(Dataset content)
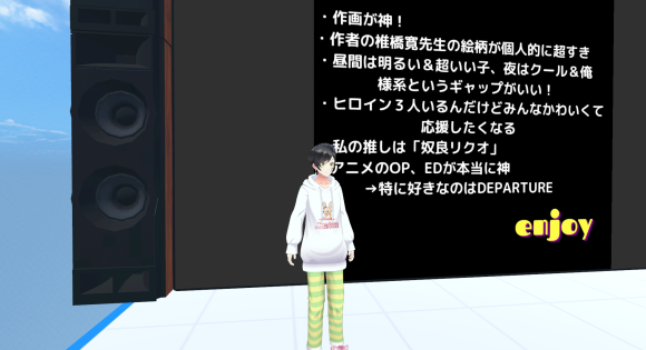 流行りのアニメから十年前に人気を博した漫画、果てはサクセスストーリーの映画など、幅広いジャンルに渡ってそれぞれが熱い想いを語りました。また、声を出したり顔を出すことに抵抗があり、これまで自己表現できなかった人たちも、アバターや音声ソフトに文字を打ち込んで機械にしゃべらせることで楽しく会話ができるシステムを利用すし、楽しく快適に自己表現ができました!
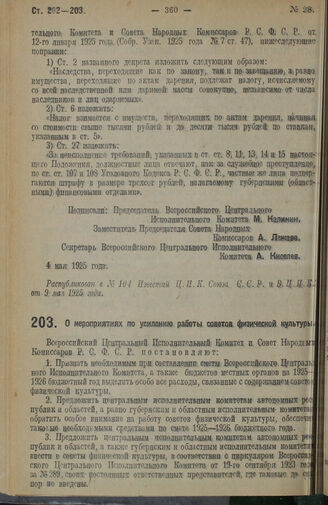 Декрет Всероссийского Центрального Исполнительного Комитета и Совета Народных Комиссаров. О мероприятиях по усилению работы советов физической культуры. 4 мая 1925 г.
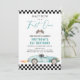 This adorable invitation features a blue watercolor race car with a flame detail.
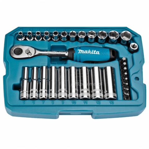 Zestaw 34 sztuk nasadek i bitów + klucz grzechotka 1/4" Makita B-65567
(End Dataset content)
■ Your assignment
Produce a verbatim transcription of every line in the listing, images omitted.

■ Output for this exercise
 流行りのアニメから十年前に人気を博した漫画、果てはサクセスストーリーの映画など、幅広いジャンルに渡ってそれぞれが熱い想いを語りました。また、声を出したり顔を出すことに抵抗があり、これまで自己表現できなかった人たちも、アバターや音声ソフトに文字を打ち込んで機械にしゃべらせることで楽しく会話ができるシステムを利用すし、楽しく快適に自己表現ができました!
 Декрет Всероссийского Центрального Исполнительного Комитета и Совета Народных Комиссаров. О мероприятиях по усилению работы советов физической культуры. 4 мая 1925 г.
 This adorable invitation features a blue watercolor race car with a flame detail.
 Zestaw 34 sztuk nasadek i bitów + klucz grzechotka 1/4" Makita B-65567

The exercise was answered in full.